EXERCISE DATA —

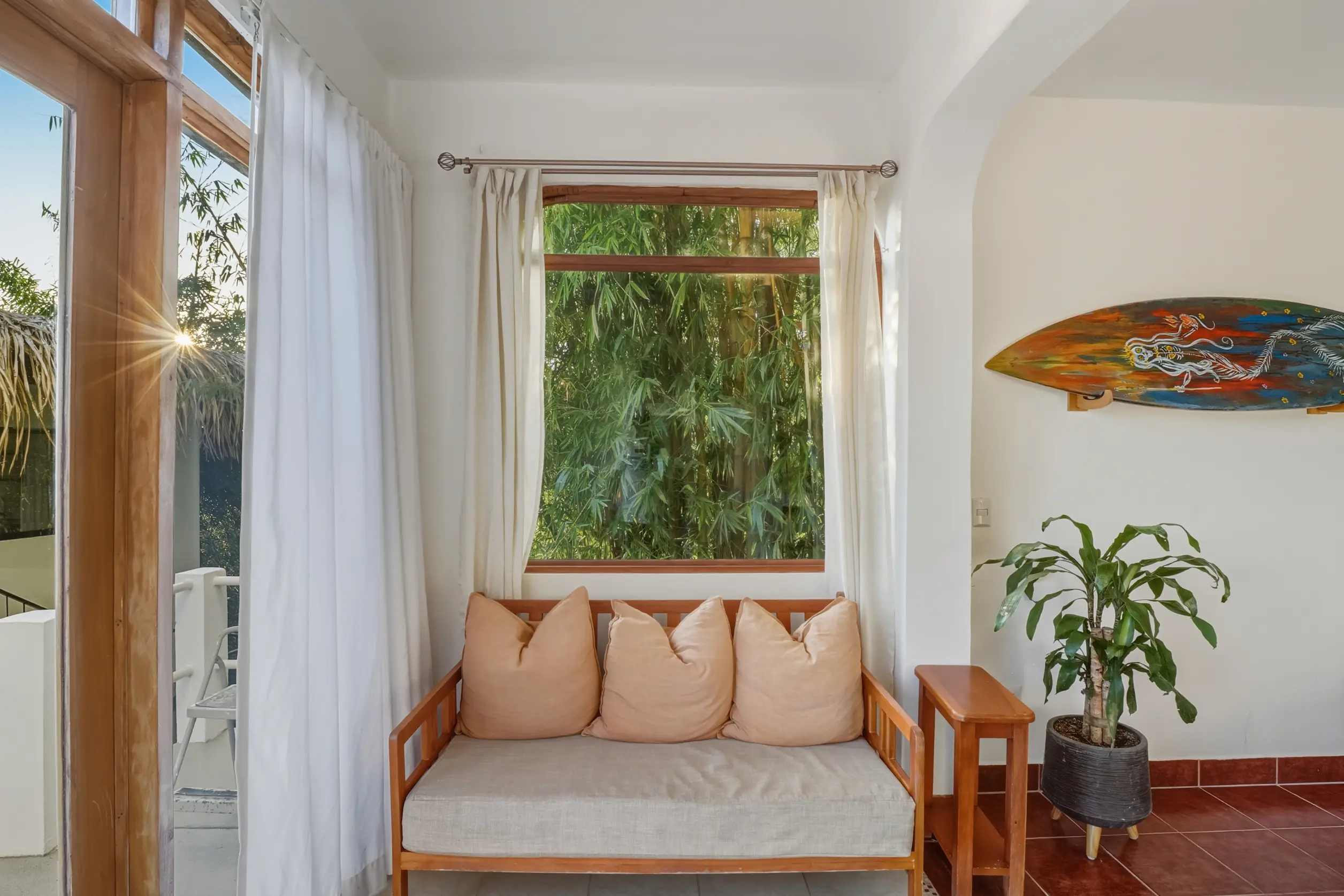 Karma 4 is a peaceful ocean-view room designed for rest and recovery. It features a king bed that can be separated into two twin beds, allowing for flexible sleeping arrangements. With a private bathroom, air conditioning, a mini fridge, coffee maker, and an air diffuser, Karma 4 offers a calm space after full days of movement and connection.
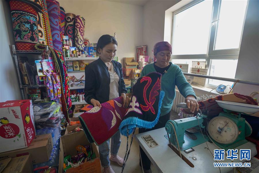 在吉木乃县万驼园内,古丽丁·米拉木别克(左)和母亲在自家的超市里整理商品(6月21日摄)。新华社记者赵戈摄
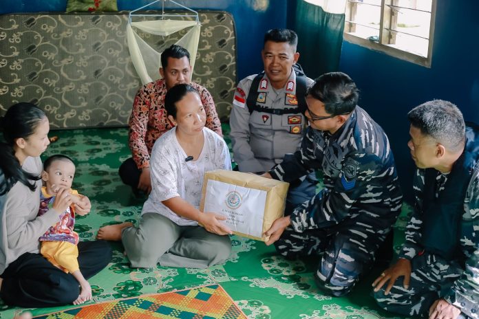 Bantuan sosial diserahkan Danlanal TBK Letkol Laut (P) Anro Casanova melalui Bhabinpotmar Serda Suhandri dan Bhabinpotmar Kopka M.Rozi serta Bhabinkamtibmas Bripka Buzari di kediaman orang tua Hasby.

INSTRUCTIONS FOR THE TASK — Pictures aside, repeat every line of the data above exactly.

WRITTEN REPLY —
 Karma 4 is a peaceful ocean-view room designed for rest and recovery. It features a king bed that can be separated into two twin beds, allowing for flexible sleeping arrangements. With a private bathroom, air conditioning, a mini fridge, coffee maker, and an air diffuser, Karma 4 offers a calm space after full days of movement and connection.
 在吉木乃县万驼园内,古丽丁·米拉木别克(左)和母亲在自家的超市里整理商品(6月21日摄)。新华社记者赵戈摄
 Bantuan sosial diserahkan Danlanal TBK Letkol Laut (P) Anro Casanova melalui Bhabinpotmar Serda Suhandri dan Bhabinpotmar Kopka M.Rozi serta Bhabinkamtibmas Bripka Buzari di kediaman orang tua Hasby.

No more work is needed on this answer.